10/12/2017
Luke 11:5-13 Jesus said to his disciples: "And I tell
you, ask and you will receive; seek and you will find; knock and the door will
be opened to you. For everyone who asks, receives; and the one who seeks,
finds; and to the one who knocks, the door will be opened. What father among
you would hand his son a snake when he asks for a fish? Or hand him a scorpion
when he asks for an egg? If you then, who are wicked, know how to give good
gifts to your children, how much more will the Father in heaven give the Holy
Spirit to those who ask him?"
Let me ask you an important and imperative question: Does
prayer work? What I mean is when you’ve knelt down to ask God for some favor or
make some request, did the Man Upstairs come through for you? Some people
dedicate countless hours to prayer, like cloistered Carmelite nuns; they
believe prayer works. However, others scoff at prayer as superstition, like the
philosopher Fredrick Nietzsche, who said, “If they want me to believe in their
Savior, they will have to sing me better hymns” (Thus Spoke Zarathustra, 99).

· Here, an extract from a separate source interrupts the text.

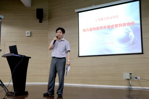 这次科技节开幕式上,来自六个学院的专家结合本学院专业发展和科技创新理念及设想给大家带来了精彩的演讲。如公共卫生与护理学院的司晓晶副院长结合当今科技发展的热点讲述《石墨烯在生物传感器中的应用》,让我们了解了这种新材料的神奇之处;机电工程学院的姚黎明院长带来了《刍议我国互联网+的3D》,带领大家认识互联网的前世今生,展望未来发展的无限可能;东方电影学院姚晓蒙院长的《从拍摄电视剧“悲壮英雄”看当前影视剧的发展》,把科技融入实践让我们看到电影和科技的有机结合;传媒艺术学院叶冲副院长的《大数据驱动下的“数据新闻”》让听众耳目一新,看到新闻背后的科技含量;经济管理学院王欢书记的《竞技生态云平台开创互联网沙盘教学新时代》把科技元素融入教学,给学生带来全新的感受;教育学院李杰主任的《播撒希望的种子》,把培养学生创新能力作为一项重要的教学内容,丰富了学前教育的内涵。

He meant hymns of praise, like prayer, are fruitless and futile. I am the spiritual director of several men
studying to become deacons and the first order of business when we meet – and
it’s really the only order of business – is prayer: what it is and how you do
it, and how you don’t do it. Let me suggest to you three ways how not to prayer
and finally a way on how to pray, which is just what Jesus says in the gospel.
The first incorrect approach to pray is from a scientific
mentality. Some answer the problem of prayer by doing a scientific, statistical
study. Let’s take one hundred people, each from different religions, and have
them pray to God for a specific item, and then see to whom God says “yes” and
to whom God says “no.” Then we’ll discover which kind of prayer works. But
prayer cannot be examined under a microscope any more than faith or hope or
love can be. Science is the wrong tool
to experiment on prayer.
The second incorrect approach is by our over-zealous
Christian friends who say you have to pray with great faith. If you didn’t get
what you asked for – a mansion in Malibu or a Caribbean cruise – then you
didn’t pray with enough faith. Some tele-evangelists – although not all of them
– fall into this extreme view. This is sometimes called the “Health and Wealth
Gospel.” God wants you to be healthy and wealthy, and if you’re not rich and
famous, then you need to pray with more faith. Of course, the one unassailable
answer to this view is Jesus himself, who died with no health or wealth on the
Cross. The great Presbyterian preacher from Scotland, George MacDonald, said:
“Jesus suffered and died on the cross, not so that we wouldn’t have to, but so
that our suffering might be like his.” Simply praying with more zeal doesn’t
necessarily make prayer work.
The third error regarding prayer is to see it as a purely
personal and private matter. And this is the great mistake of the modern
American mentality. We have outlawed prayer in schools, and the only sign of
public prayer is a few moment of silence. But when we fail to pray, to lift our
hearts to God – both in public and in private – we lose our humanity. We become
no better than the animals (who, by the way, actually pray and praise the
Creator in their own way!). That is, we become less than the animals when we
cut ourselves off from God by abandoning prayer. The Roman philosopher Cicero
said public prayer, which he called “religio,” was the highest good of a
society, its “summum bonum.” Making prayer a purely private affair is also
wrong-headed.
The best way to pray is as a small child speaking to his or
her father, a father who loves him or her more than the child can fathom. Just
like children ask to eat a second piece of chocolate cake and sometimes mom or
dad says “yes” and sometimes “no,” so too our heavenly Father sometimes says
“yes” and sometimes “no.” In the gospel Jesus explains: “If you then, who are
wicked, know how to give good gifts to your children, how much more will the
Father in Heaven give the Holy Spirit to those who ask him?” In other words, the
best prayer is child-like prayer, not scientific prayer, not super-zealous
prayer, not purely private prayer. That is the best way to pray and how to
measure its efficacy.
Let me conclude with a touching quotation on prayer by C. S.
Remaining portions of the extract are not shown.